The Immortalists(82)



Luke swings his backpack around to the front and retrieves a black tape recorder. ‘Okay?’

‘Fine,’ says Varya. Luke depresses the Record button, and she begins to walk again. ‘How long have you worked at the Chronicle?’

A peace offering, this bit of dreaded small chat, as they transition to the wider, paved paths that surround the main facility. The path to the primate lab is no more than a repurposed dirt trail. ‘They like to keep us tucked away,’ said Annie once, ‘the savages,’ and Varya laughed, though she didn’t know whether Annie was referring to the monkeys or the two of them.

‘I don’t,’ Luke says. ‘I’m a freelancer. This is the first piece I’ve done for them. I work out of Chicago; usually I write for the Tribune. You didn’t see my pitch?’
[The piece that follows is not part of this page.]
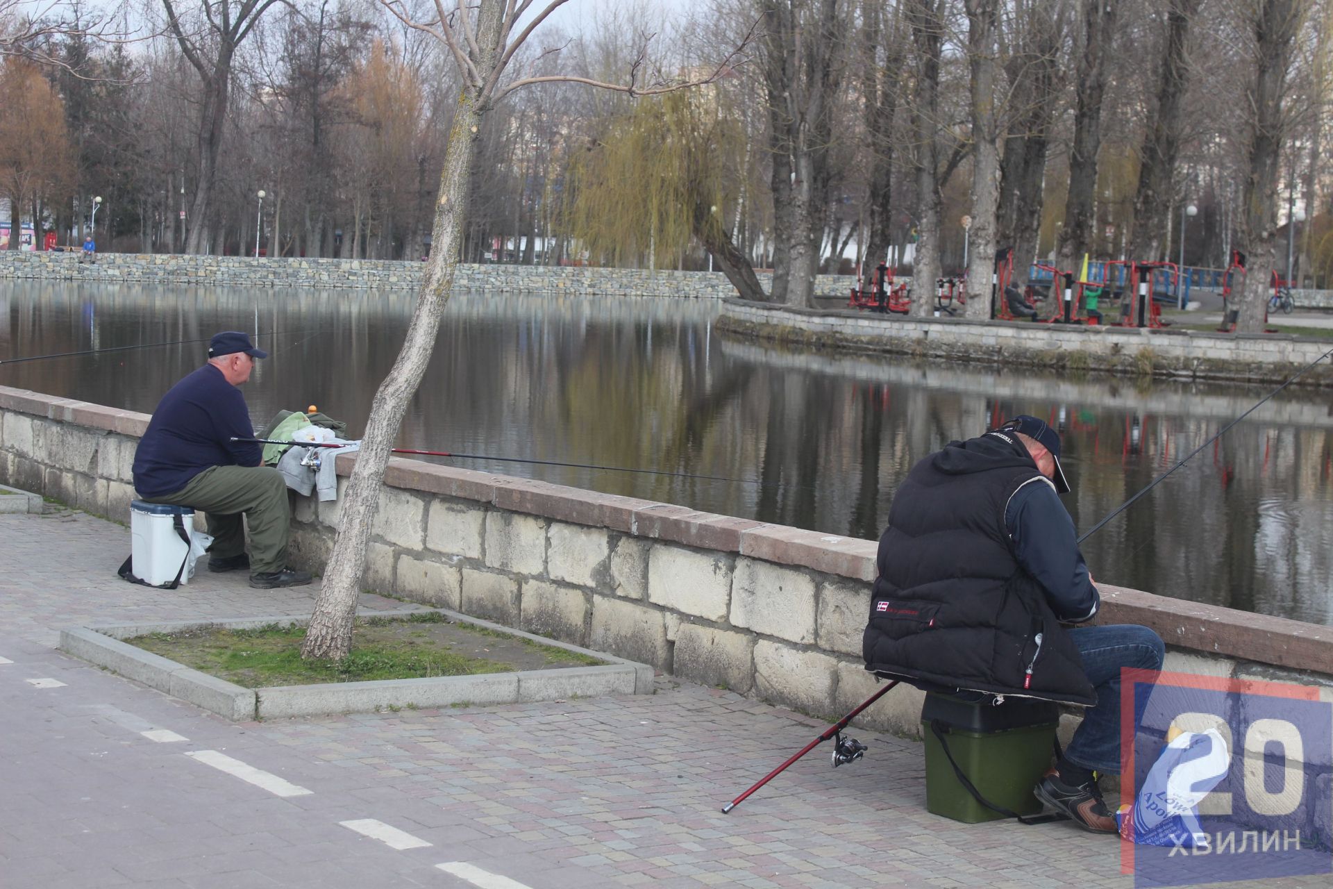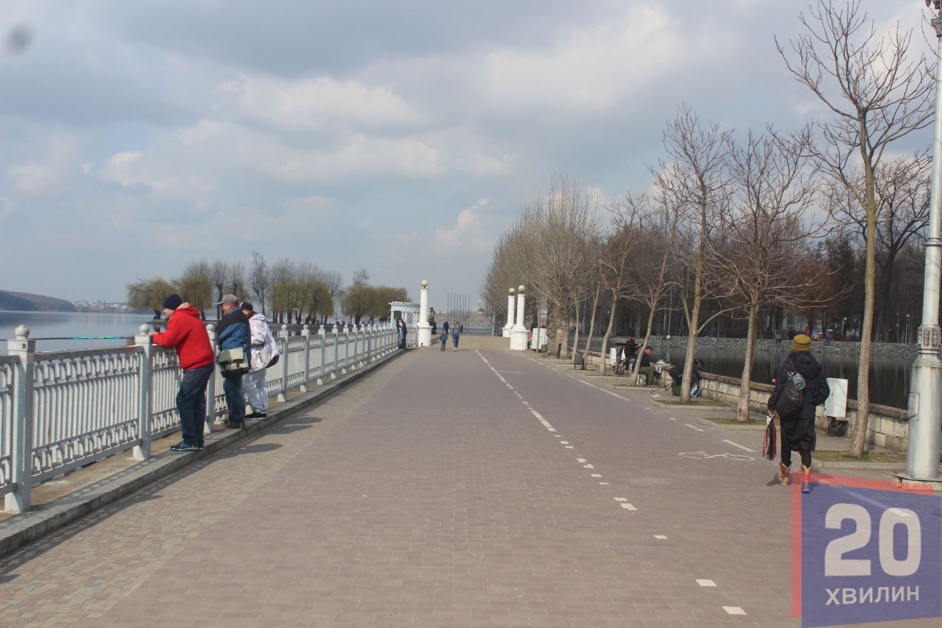 Центр міста малолюдний , як і парки та набережна Тернопільського ставу. А от кількість рибалок не зменшилася і їх можна побачити практично вздовж всієї прибережної зони ставу.

Varya shakes her head. ‘Dr. Kim deals with those things.’

Though Annie is a researcher, not a public information officer, she has taken on the latter role with ease. Varya is constantly grateful for Annie’s media savvy, so she consented when Annie suggested they take this week’s interview, which will be published in the San Francisco Chronicle. The primate lab is ten years into a twenty-year study. This year, they’ll apply for a second round of competitive funding. Officially, publicity has no bearing on research grants. Unofficially, the foundations that support the Drake like to feel they’re enabling something important, something that has garnered both public excitement and – in the case of primate research – public approval.

‘Have you worked in a newsroom before?’ she asks.

‘In college. I was the paper’s editor in chief.’

Varya nearly laughs. Annie knew exactly what she was doing. Luke Van Galder is a kid.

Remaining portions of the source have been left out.